DATA:

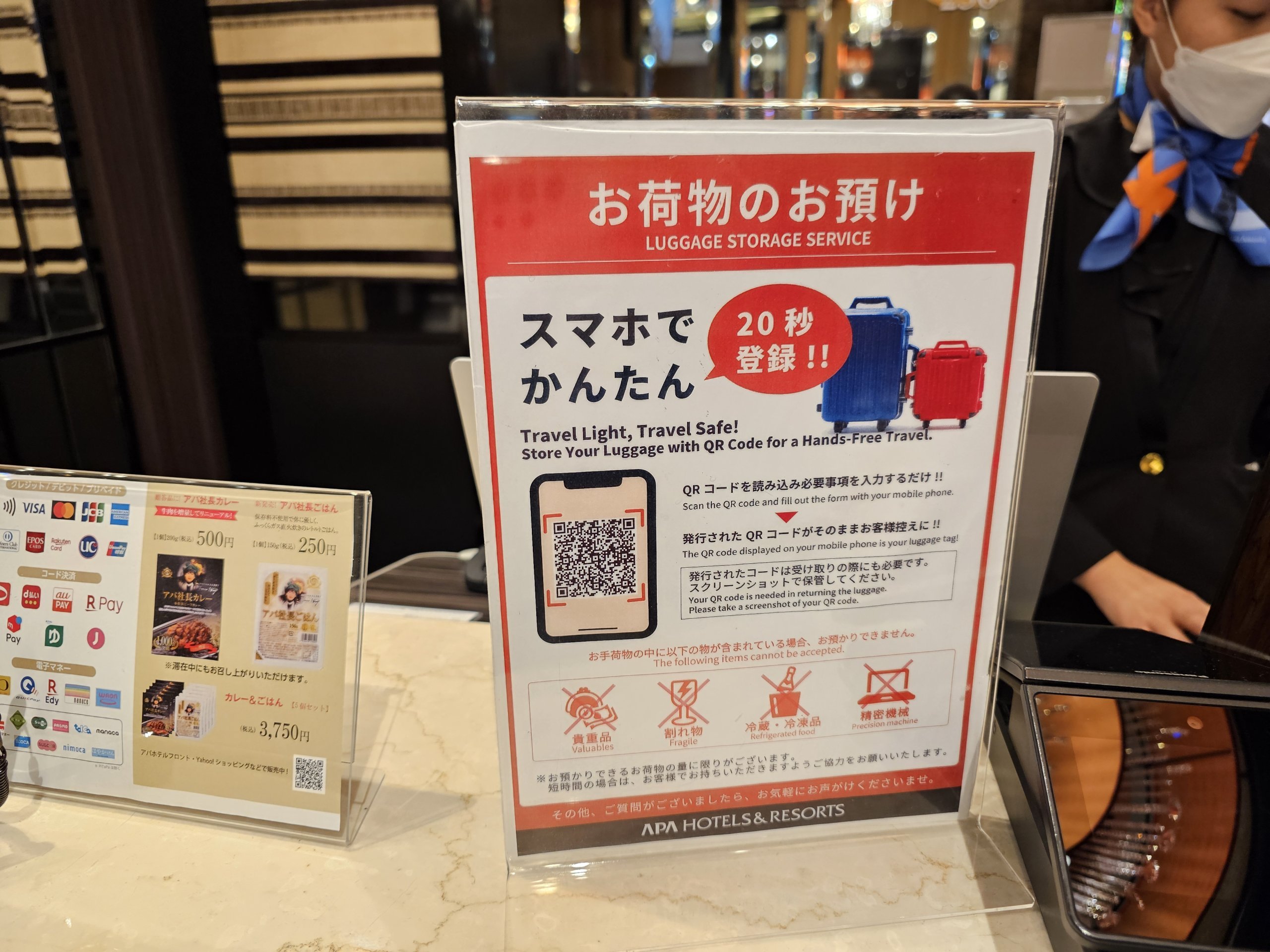 För bagageförvaringen måste jag skanna QR-koden, fylla i mitt för- och efternamn och visa QR-koden igen i receptionen när jag hämtar ut det.
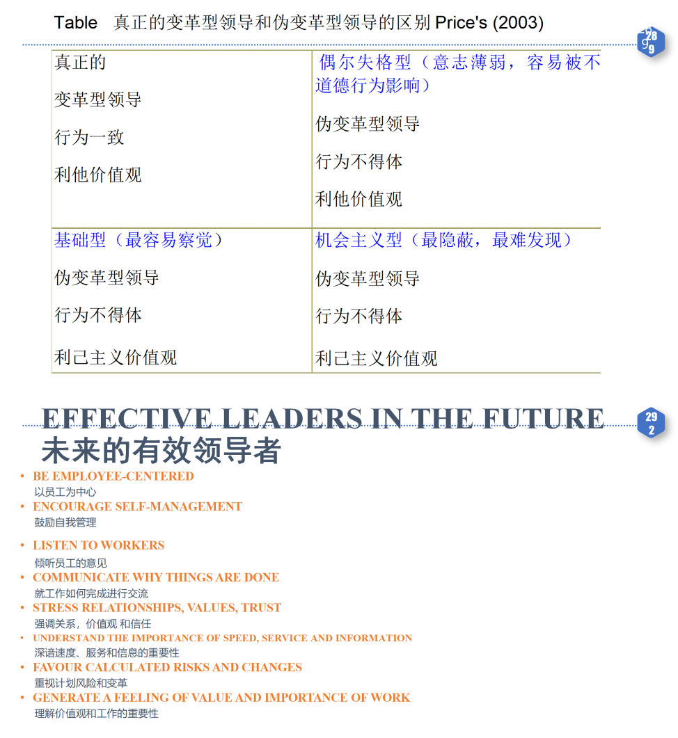 第六章 领导与伦理(道德性领导和非道德性领导 、变革型领导和伪变革型领导。)
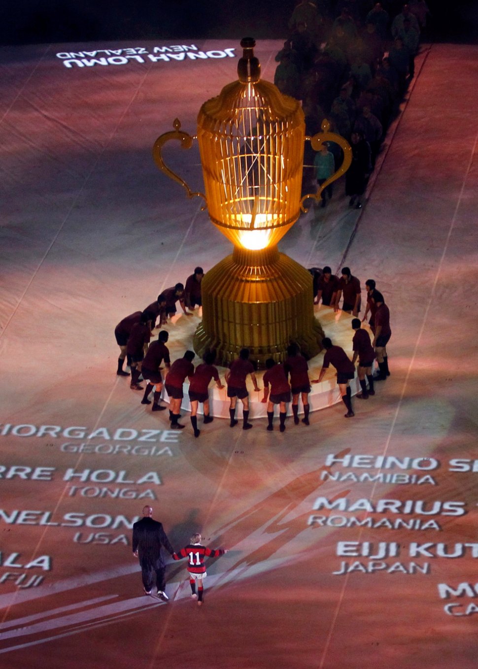 La ceremonia comenzó con una bienvenida tradicional de la cultura maorí y continuó con enérgicos bailarines, cantantes, fuegos artificiales y un espectáculo de luz deslumbrante. El tema de la apertura reflejó un viaje desde todos los rincones de la Tierra hasta llegar a Nueva Zelanda, con los equipos listos para la batalla por el premio final de rugby.
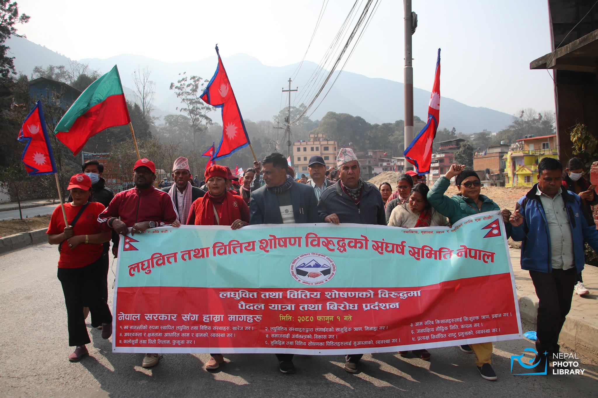 काठमाडौँ– लघुवित्त तथा वित्तीय शोषणविरुद्ध संघर्षमा उत्रिएका करिब ३ हजार पीडितहरू काठमाडौँमा आइपुगेका छन्। अन्य पीडित आउने क्रम जारी रहेको लघुवित्त तथा वित्तीय शोषण विरुद्धको संघर्ष समिति नेपालका केन्द्रीय अध्यक्ष मनीराम ज्ञवालीले जानकारी दिए। \r\n\r\nएक हजारभन्दा बढी पीडितहरू करिब ६ दिन लगाएर लघुवित्त तथा वित्तीय शोषणविरुद्ध पैदल यात्रा तथा विरोध प्रदर्शन मुग्लिङबाट काठमाडौँ आइपुगेका हुन्। सरकारले समिति बनाएर केही काम नगरेकोमा पुनः सरकारलाई झकझकाउन आन्दोलन गर्न आएको बर्दियाका पीडित जीवन सुनारले बताए। मुग्लिङबाट हिँडेका उनीहरू ६ दिनमा शनिबार साँझ थानकोटस्थित त्रिभुवन पार्कमा आएर बसेका थिए। आइतबार उनीहरू थानकोटबाट र्याली प्रदर्शन गर्दै कलंकी हुँदै तीनकुने गएर बस्ने र सोमबारदेखि शान्तिपूर्ण आन्दोलन शुरू गर्न केन्द्रीय अध्यक्ष ज्ञवालीले जानकारी दिए।\r\n\r\nउनीहरूले नवसामन्तीको रूपमा स्थापित लघुवित्त तथा वित्तीय संस्थाहरू खारेज गर्न, लघु वित्तीय संस्थाहरूद्वारा लगाइएको सामूहिक ऋण मिनाहा गर्न, समाजवादी अर्थतन्त्रको विकास गर्न, भूमिहीन तथा वित्तीय शोषणका पीडितहरूलाई मुआब्जाको व्यवस्था गर्न, आवश्यकता र क्षमतामा आधारित काम र दामको व्यवस्था गर्न, कालोसूची तथा धितो लिलाम फुकुवा गर्नुपर्ने माग अघि सारेका छन्। तस्वीर– फोटो लाइब्रेरी
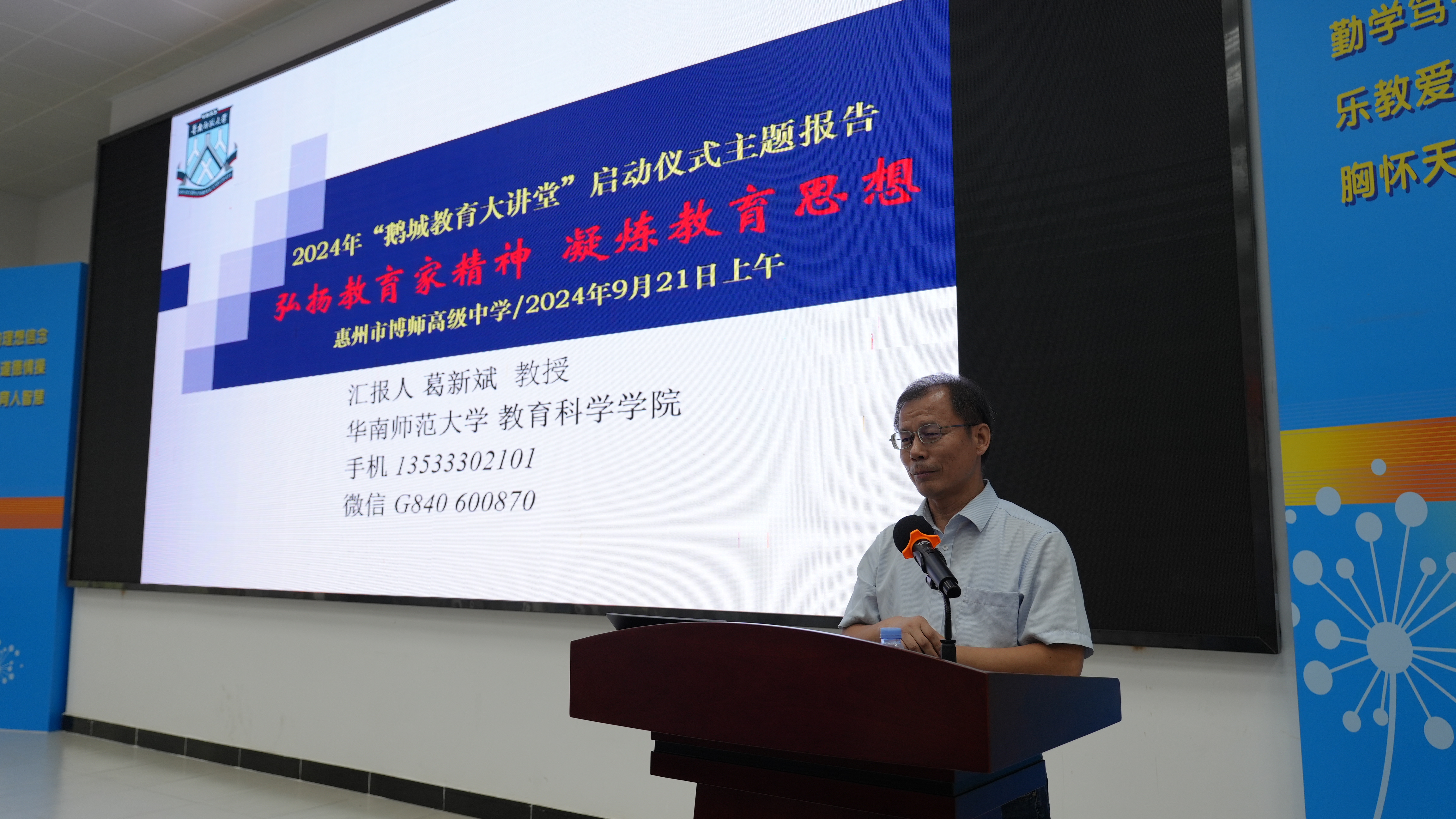 9月21日,“鵝城教育大講堂”首場主題報(bào)告會(huì)在博羅縣博師高級(jí)中學(xué)舉行,四位來自高校的專家教授、一線的優(yōu)秀校長和教師分別作主題報(bào)告和主題演講,共同搭建助推區(qū)域基礎(chǔ)教育高質(zhì)量發(fā)展的對(duì)話平臺(tái)。
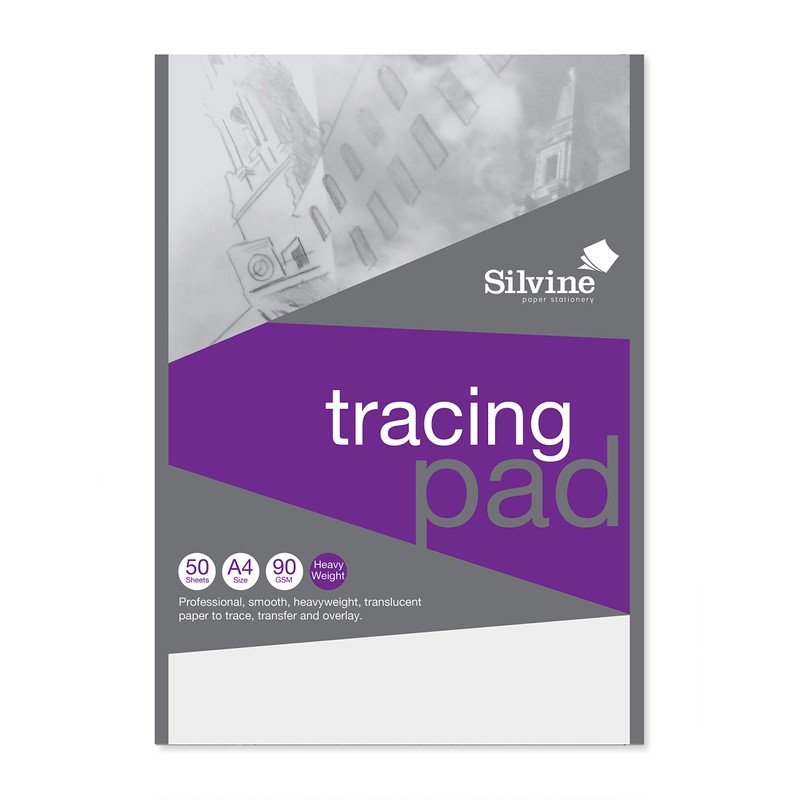 Silvine A4 Heavyweight 90gsm Professional Tracing Pad 50 Sheets, A4TPR
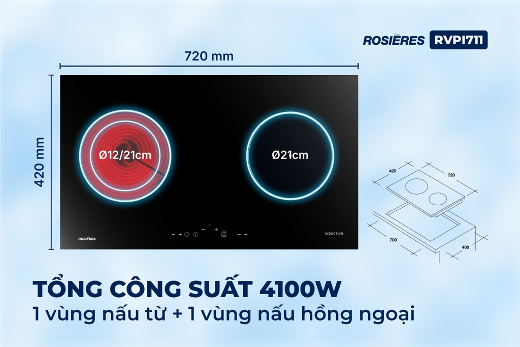 Với tổng công suất 4100W, bếp kết hợp Rosières RVPI711 cho phép chế biến đồng thời trên cả hai vùng nấu mà vẫn đảm bảo tốc độ gia nhiệt nhanh và hiệu suất vận hành ổn định. Đây là mức công suất lý tưởng cho căn bếp hiện đại, cân bằng giữa hiệu năng mạnh mẽ và khả năng tiết kiệm điện năng.
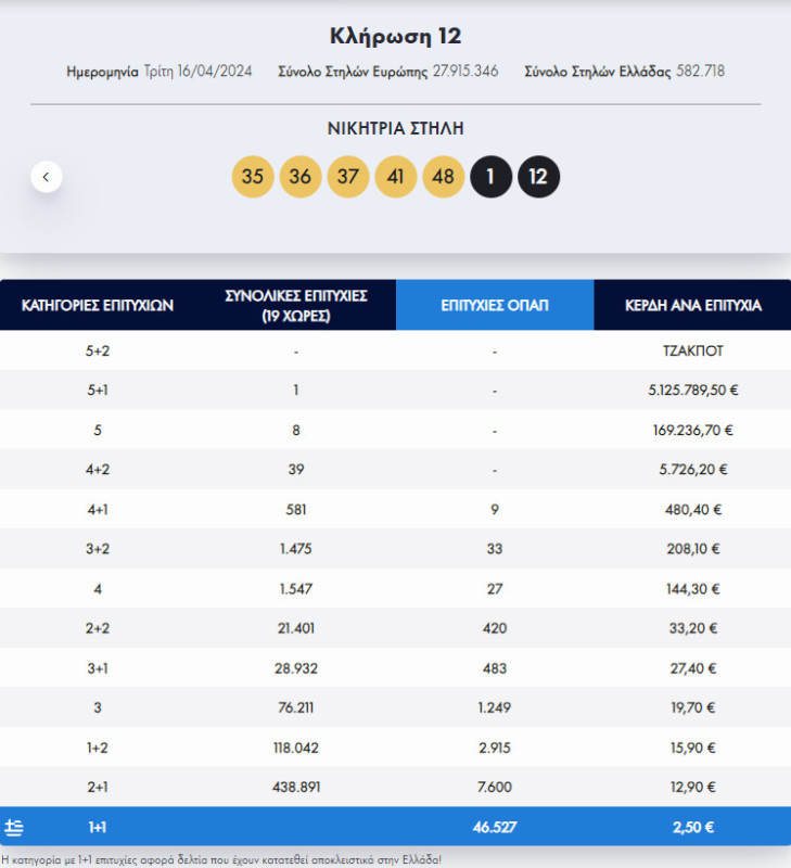 Νέο Mega Τζακ-Ποτ 115 εκατομμυρίων ευρώ σημειώθηκε κατά τη 12η κλήρωση της Τρίτης, 16 Απριλίου 2024 στο Eurojackpot

DESCRIPTION OF THE TASK: Omit pictures; set down the rest of the material word for word.

TASK ANSWER:
 För bagageförvaringen måste jag skanna QR-koden, fylla i mitt för- och efternamn och visa QR-koden igen i receptionen när jag hämtar ut det.
 第六章 领导与伦理(道德性领导和非道德性领导 、变革型领导和伪变革型领导。)
 La ceremonia comenzó con una bienvenida tradicional de la cultura maorí y continuó con enérgicos bailarines, cantantes, fuegos artificiales y un espectáculo de luz deslumbrante. El tema de la apertura reflejó un viaje desde todos los rincones de la Tierra hasta llegar a Nueva Zelanda, con los equipos listos para la batalla por el premio final de rugby.
 काठमाडौँ– लघुवित्त तथा वित्तीय शोषणविरुद्ध संघर्षमा उत्रिएका करिब ३ हजार पीडितहरू काठमाडौँमा आइपुगेका छन्। अन्य पीडित आउने क्रम जारी रहेको लघुवित्त तथा वित्तीय शोषण विरुद्धको संघर्ष समिति नेपालका केन्द्रीय अध्यक्ष मनीराम ज्ञवालीले जानकारी दिए। \r\n\r\nएक हजारभन्दा बढी पीडितहरू करिब ६ दिन लगाएर लघुवित्त तथा वित्तीय शोषणविरुद्ध पैदल यात्रा तथा विरोध प्रदर्शन मुग्लिङबाट काठमाडौँ आइपुगेका हुन्। सरकारले समिति बनाएर केही काम नगरेकोमा पुनः सरकारलाई झकझकाउन आन्दोलन गर्न आएको बर्दियाका पीडित जीवन सुनारले बताए। मुग्लिङबाट हिँडेका उनीहरू ६ दिनमा शनिबार साँझ थानकोटस्थित त्रिभुवन पार्कमा आएर बसेका थिए। आइतबार उनीहरू थानकोटबाट र्याली प्रदर्शन गर्दै कलंकी हुँदै तीनकुने गएर बस्ने र सोमबारदेखि शान्तिपूर्ण आन्दोलन शुरू गर्न केन्द्रीय अध्यक्ष ज्ञवालीले जानकारी दिए।\r\n\r\nउनीहरूले नवसामन्तीको रूपमा स्थापित लघुवित्त तथा वित्तीय संस्थाहरू खारेज गर्न, लघु वित्तीय संस्थाहरूद्वारा लगाइएको सामूहिक ऋण मिनाहा गर्न, समाजवादी अर्थतन्त्रको विकास गर्न, भूमिहीन तथा वित्तीय शोषणका पीडितहरूलाई मुआब्जाको व्यवस्था गर्न, आवश्यकता र क्षमतामा आधारित काम र दामको व्यवस्था गर्न, कालोसूची तथा धितो लिलाम फुकुवा गर्नुपर्ने माग अघि सारेका छन्। तस्वीर– फोटो लाइब्रेरी
 9月21日,“鵝城教育大講堂”首場主題報(bào)告會(huì)在博羅縣博師高級(jí)中學(xué)舉行,四位來自高校的專家教授、一線的優(yōu)秀校長和教師分別作主題報(bào)告和主題演講,共同搭建助推區(qū)域基礎(chǔ)教育高質(zhì)量發(fā)展的對(duì)話平臺(tái)。
 Silvine A4 Heavyweight 90gsm Professional Tracing Pad 50 Sheets, A4TPR
 Với tổng công suất 4100W, bếp kết hợp Rosières RVPI711 cho phép chế biến đồng thời trên cả hai vùng nấu mà vẫn đảm bảo tốc độ gia nhiệt nhanh và hiệu suất vận hành ổn định. Đây là mức công suất lý tưởng cho căn bếp hiện đại, cân bằng giữa hiệu năng mạnh mẽ và khả năng tiết kiệm điện năng.
 Νέο Mega Τζακ-Ποτ 115 εκατομμυρίων ευρώ σημειώθηκε κατά τη 12η κλήρωση της Τρίτης, 16 Απριλίου 2024 στο Eurojackpot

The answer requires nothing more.